- [Task requirements]
Please output the section of the listing below that opens with the line containing "Steak de filet" and closes with the line containing "Electrolux EWW8024Q5WB - Warranty", exactly and with nothing else.

────────────────────

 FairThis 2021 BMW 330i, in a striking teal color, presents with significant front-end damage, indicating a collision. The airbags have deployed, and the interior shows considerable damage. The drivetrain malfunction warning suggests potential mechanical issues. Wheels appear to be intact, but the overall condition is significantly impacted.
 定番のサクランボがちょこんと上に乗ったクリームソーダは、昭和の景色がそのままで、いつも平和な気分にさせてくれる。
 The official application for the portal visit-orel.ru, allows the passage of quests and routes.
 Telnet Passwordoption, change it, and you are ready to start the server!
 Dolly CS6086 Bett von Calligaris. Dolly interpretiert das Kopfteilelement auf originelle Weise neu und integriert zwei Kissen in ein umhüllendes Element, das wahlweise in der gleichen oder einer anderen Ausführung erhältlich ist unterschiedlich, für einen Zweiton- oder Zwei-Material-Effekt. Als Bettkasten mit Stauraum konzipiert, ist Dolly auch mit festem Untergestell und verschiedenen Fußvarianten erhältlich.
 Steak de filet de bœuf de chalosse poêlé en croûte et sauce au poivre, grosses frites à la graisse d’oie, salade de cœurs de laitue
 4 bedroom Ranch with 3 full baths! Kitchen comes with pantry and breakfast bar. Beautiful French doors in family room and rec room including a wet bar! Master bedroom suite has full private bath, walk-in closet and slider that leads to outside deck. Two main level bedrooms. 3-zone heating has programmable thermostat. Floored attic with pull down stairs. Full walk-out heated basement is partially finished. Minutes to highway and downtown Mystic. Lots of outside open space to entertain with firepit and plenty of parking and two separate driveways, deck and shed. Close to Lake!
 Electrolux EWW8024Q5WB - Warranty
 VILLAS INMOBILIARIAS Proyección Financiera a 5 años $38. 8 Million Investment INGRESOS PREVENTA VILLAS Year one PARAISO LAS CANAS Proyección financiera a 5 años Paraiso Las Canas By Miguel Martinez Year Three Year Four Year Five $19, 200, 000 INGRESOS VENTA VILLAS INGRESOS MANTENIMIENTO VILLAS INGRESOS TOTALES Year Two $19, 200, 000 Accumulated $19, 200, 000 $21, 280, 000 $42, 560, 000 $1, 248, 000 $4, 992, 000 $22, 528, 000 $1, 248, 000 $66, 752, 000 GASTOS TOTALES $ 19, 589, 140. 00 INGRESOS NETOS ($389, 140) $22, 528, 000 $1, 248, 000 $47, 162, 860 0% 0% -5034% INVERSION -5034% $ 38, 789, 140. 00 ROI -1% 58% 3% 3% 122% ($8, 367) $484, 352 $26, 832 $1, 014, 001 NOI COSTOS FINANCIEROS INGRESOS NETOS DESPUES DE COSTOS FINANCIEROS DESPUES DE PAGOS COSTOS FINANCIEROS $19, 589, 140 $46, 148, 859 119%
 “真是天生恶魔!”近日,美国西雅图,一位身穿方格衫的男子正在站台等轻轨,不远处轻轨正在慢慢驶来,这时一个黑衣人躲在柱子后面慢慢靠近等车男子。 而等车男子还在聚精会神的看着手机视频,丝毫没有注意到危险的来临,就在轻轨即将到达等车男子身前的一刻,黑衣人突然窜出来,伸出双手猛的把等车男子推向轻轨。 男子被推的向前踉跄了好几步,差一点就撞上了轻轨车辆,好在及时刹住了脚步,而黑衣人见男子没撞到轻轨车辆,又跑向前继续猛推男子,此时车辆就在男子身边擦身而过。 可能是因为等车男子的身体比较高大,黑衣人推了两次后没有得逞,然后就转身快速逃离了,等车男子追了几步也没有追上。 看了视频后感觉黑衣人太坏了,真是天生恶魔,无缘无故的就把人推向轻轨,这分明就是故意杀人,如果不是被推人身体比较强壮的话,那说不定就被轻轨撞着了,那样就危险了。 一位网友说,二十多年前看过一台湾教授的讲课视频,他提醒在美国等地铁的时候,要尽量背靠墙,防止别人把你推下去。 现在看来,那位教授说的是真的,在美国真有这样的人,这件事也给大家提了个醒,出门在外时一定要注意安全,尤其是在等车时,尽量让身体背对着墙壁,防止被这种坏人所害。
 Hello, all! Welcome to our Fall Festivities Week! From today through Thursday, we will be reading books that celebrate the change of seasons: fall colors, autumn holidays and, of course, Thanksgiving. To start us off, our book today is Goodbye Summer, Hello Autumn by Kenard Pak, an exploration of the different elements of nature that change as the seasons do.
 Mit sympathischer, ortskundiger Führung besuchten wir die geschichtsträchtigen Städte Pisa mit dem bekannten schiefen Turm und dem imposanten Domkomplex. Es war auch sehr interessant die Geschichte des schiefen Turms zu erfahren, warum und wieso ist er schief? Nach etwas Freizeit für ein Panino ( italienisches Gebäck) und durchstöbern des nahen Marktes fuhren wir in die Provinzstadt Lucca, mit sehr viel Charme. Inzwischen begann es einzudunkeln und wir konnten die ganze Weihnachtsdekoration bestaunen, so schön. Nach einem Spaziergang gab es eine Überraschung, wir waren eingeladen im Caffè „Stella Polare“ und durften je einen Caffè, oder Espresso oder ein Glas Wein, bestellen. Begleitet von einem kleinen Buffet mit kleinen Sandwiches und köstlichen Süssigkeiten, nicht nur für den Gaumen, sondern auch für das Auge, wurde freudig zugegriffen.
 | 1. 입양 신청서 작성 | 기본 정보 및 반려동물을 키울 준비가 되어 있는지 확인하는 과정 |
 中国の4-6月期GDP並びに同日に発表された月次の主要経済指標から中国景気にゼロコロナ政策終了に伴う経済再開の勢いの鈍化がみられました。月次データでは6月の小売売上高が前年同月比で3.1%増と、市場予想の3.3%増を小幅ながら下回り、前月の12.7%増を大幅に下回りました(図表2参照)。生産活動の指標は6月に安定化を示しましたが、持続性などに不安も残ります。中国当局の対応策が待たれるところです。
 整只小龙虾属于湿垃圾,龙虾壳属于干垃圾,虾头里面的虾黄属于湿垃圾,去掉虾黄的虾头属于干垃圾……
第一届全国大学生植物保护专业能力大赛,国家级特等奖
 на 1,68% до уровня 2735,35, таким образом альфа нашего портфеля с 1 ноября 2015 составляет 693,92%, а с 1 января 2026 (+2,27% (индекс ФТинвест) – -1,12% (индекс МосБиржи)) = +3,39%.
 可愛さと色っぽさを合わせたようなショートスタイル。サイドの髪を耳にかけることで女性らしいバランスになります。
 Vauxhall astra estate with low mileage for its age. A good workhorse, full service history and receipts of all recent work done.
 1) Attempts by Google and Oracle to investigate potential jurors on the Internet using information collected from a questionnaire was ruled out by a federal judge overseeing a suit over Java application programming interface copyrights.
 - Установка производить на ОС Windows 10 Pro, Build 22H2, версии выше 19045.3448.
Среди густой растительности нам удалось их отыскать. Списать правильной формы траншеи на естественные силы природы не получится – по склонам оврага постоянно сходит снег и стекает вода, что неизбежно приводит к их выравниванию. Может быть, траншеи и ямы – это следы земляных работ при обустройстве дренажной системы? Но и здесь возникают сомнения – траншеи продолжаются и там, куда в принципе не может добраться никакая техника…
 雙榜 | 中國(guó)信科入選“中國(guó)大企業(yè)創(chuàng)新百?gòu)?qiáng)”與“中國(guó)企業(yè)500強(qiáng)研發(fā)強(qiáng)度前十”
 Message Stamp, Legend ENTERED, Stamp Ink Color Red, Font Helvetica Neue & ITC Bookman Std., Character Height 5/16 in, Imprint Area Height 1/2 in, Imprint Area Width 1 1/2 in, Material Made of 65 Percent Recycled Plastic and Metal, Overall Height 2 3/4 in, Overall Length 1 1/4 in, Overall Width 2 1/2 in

────────────────────

- [Response to this exercise]
 Steak de filet de bœuf de chalosse poêlé en croûte et sauce au poivre, grosses frites à la graisse d’oie, salade de cœurs de laitue
 4 bedroom Ranch with 3 full baths! Kitchen comes with pantry and breakfast bar. Beautiful French doors in family room and rec room including a wet bar! Master bedroom suite has full private bath, walk-in closet and slider that leads to outside deck. Two main level bedrooms. 3-zone heating has programmable thermostat. Floored attic with pull down stairs. Full walk-out heated basement is partially finished. Minutes to highway and downtown Mystic. Lots of outside open space to entertain with firepit and plenty of parking and two separate driveways, deck and shed. Close to Lake!
 Electrolux EWW8024Q5WB - Warranty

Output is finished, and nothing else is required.